Despite some improvements in the security situation, attacks and sabotages of oil pipelines remain a serious concern, and will hamper the government’s plans to increase oil production to generate greater revenue. It is estimated that in 2012 Yemen lost $1 billion in oil exports due to attacks on pipelines. Given the present political landscape, at best the government will be able to restore oil production to the pre-crisis level, but the oil sector continues to face rapid decline as the country is running out of oil. Currently, Yemen produces around 200,000 barrels of oil per day, and production has been declining steadily over the years. With the decline in oil reserves and other challenges, including poor infrastructure and highly restrictive business regulations, the prospects for high growth in Yemen are limited.   

The planning and finance ministries are working with multilateral institutions, including the Islamic Development Bank, the United Nations, the European Union, and the World Bank, on a two-year Transition and Stabilization Plan (TPSD) that was agreed upon in August 2012 to revive the economy. But even if the political situation improved markedly, the short-term priority should be to ensure that ordinary Yemenis benefit from economic gains. To prevent another uprising, the inflow of aid should be used to transform the economy and improve the living standards of the population. The transitional government can begin this process by addressing several key areas.

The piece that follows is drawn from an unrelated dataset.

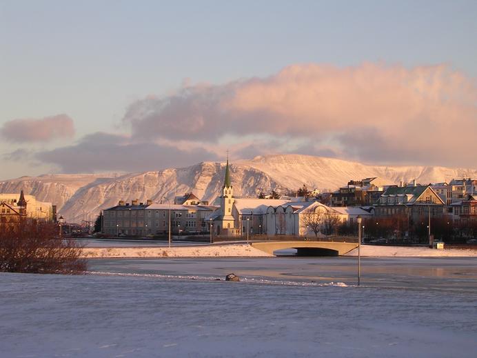 Ein sonniger Dezembertag am Tjörn in Reykjavík

First, the government must deal with unemployment. According to official estimates, the unemployment rate is anywhere between 25 to 40 percent, and as high as 60 percent for the youth. The World Bank has estimated that in 2011, about 55 percent of the population was unemployed. The situation is complicated further by stringent labor restrictions being imposed by the Gulf countries which would result in higher unemployment and lower remittances if workers are repatriated. For example, it is estimated that there are some 2 million Yemenis working in Saudi Arabia, and Riyadh just imposed new regulations forcing more than 200,000 Yemenis to return. Addressing this unemployment challenge will require an innovative strategy that includes vocational training, improvements in the education system, and creating employment opportunities in the private sector. According to the World Bank, more than 97 percent of firms in Yemen are small and medium-sized enterprises employing less than 25 workers. Encouraging more of these firms to invest and expand by developing the required infrastructure and easing business regulations will create productive jobs and put the economy on a higher growth trajectory.

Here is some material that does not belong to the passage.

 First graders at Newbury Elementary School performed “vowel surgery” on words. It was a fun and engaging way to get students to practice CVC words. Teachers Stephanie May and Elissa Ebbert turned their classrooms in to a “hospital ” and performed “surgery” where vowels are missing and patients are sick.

Second, to boost economic growth there is a need to restructure public expenditures and generate fiscal revenues from non-hydrocarbon sources. On January 23, 2013 the Yemeni parliament approved a $12.9 billion budget for 2013, the largest in the country’s history. It is notable that 50 percent of total government spending was allocated to energy subsidies and wages, while expenditures on social services and cash transfers to the poor were cut. Since energy subsidies account for a large share of expenditure, it is essential—and urgent—that the government undertakes subsidy reforms to free up fiscal space necessary for investment in the economy. 

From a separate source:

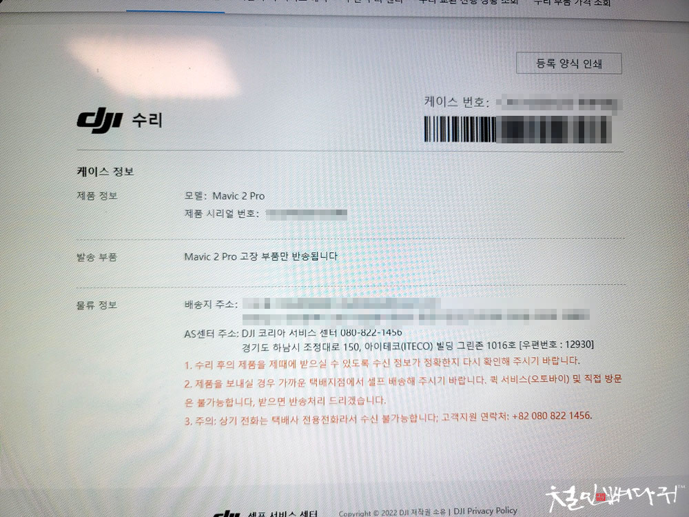 대체해서 보내줄 부품이 없어서 외국의 DJI센터에서
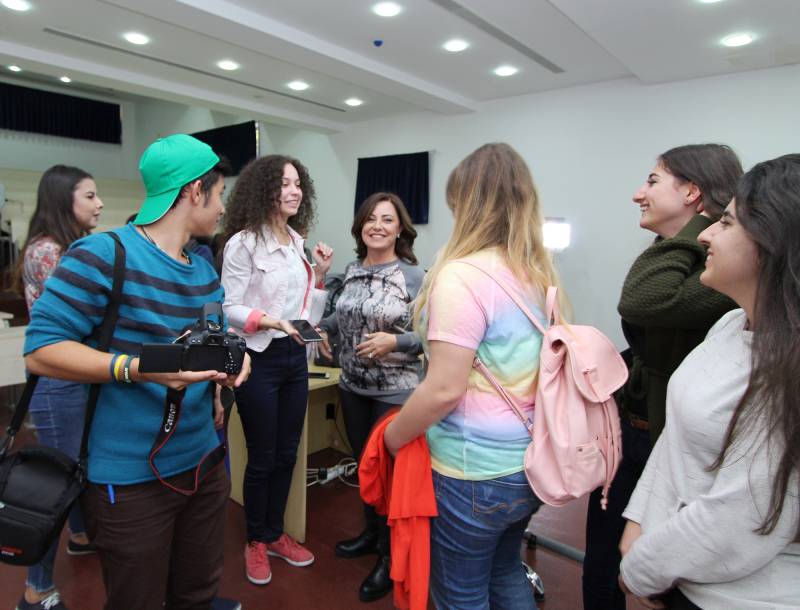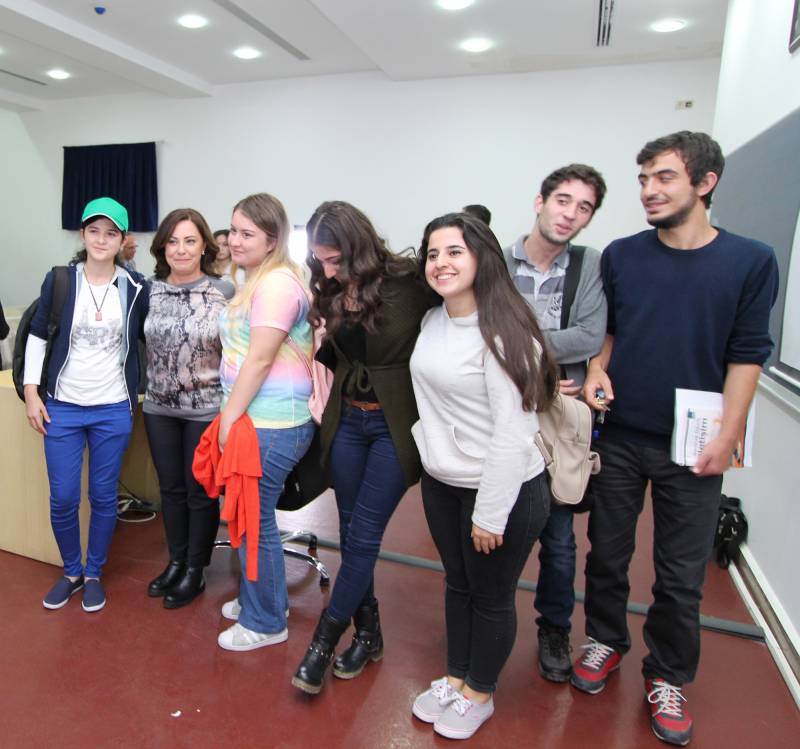 Program sonunda İletişim Fakültesi Dekanı Prof. Dr. Aytekin İşman tarafından plaket verilen Ece Karaboncuk ardından öğrencilerle sohbet edip fotoğraf çektirdi.

Finally, there is a need to implement planned structural reforms and develop the country’s economic infrastructure to attract foreign direct investment. Yemen is currently at a crossroads and the transitional government has an opportunity to change the status quo of an oil- and donor-dependent economy by adopting a more market-oriented approach to liberalizing and diversifying the economy. The current model of dependency on declining oil revenues, workers’ remittances, and donor financing is not feasible in the long-run. Yemen has to develop other sources of growth and revenues if it is to make significant progress. What these will be is Yemen’s economic quandary.